Mechanization Meant No More
But when mechanization came to the island in the 60’s, La Bonnotte suffered. Its low yield of 100g to 200g per foot meant that farmers could not make a decent return and with their conversion from handpicking to mechanization, other tuber varieties won out. This is why it disappeared altogether from the market by around 1965.
However, because Ile de Noirmoutier had become so famous from its Early Potato variety of La Bonnotte, a group of farmers were determined to resuscitate it. In the ’90s, the Agricultural Co-Operative of the Isle of Noirmoutier went to the INRA (French National Institute of Agricultural Research) in Brest and asked them to regenerate exact copies of La Bonnotte.

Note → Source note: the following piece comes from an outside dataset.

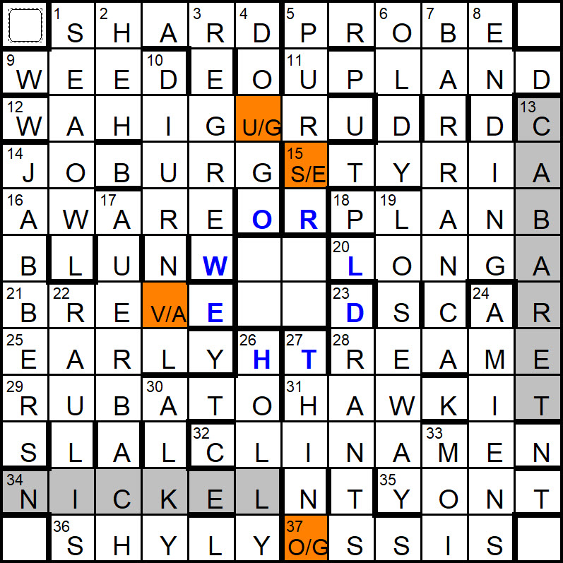 This was a hard but very enjoyable puzzle, that kept me occupied off and on for two or three days. Thanks to Shark for the entertainment and grid construction.

This replication was highly successful and yielded this little potato that is true in taste as well as form.
“Now part of the agricultural heritage, La Bonnotte is an undeniable element of the island’s identity.”
The farmers of The Isle of Noirmoutier harvest 11,000 tons of potatoes a year from an agricultural area of 380 hectares. But only a very small fraction of these are La Bonnotte. Other popular varieties are the Sirtéma, the Lady Christ’l, Charlotte and Jazzy varieties.
But it is La Bonnotte harvested only between May 1st and May 10th that is the best known product of these farmers here on Ile de Noirmoutier, along with the island’s farmed sea salt. The other Early Potatoes, a category to which La Bonnotte belongs, are harvested between late April and early August and are defined as a potato that is fluffy because of the fineness of its skin and because it’s harvested before it reaches maturity.
Where To Stay: Autre Mer, a 2-star Hotel just past the town center. It has that Nantucket feel with reasonable rates and a friendly owner-operator.
32 Avenue Joseph Pineau, Noirmoutier en L’Ile
Notable: The Bicyle Rental Shop, Cycles Charier, is just across the street. Bicycling is a must while visiting the island. It’s the primary method of transport.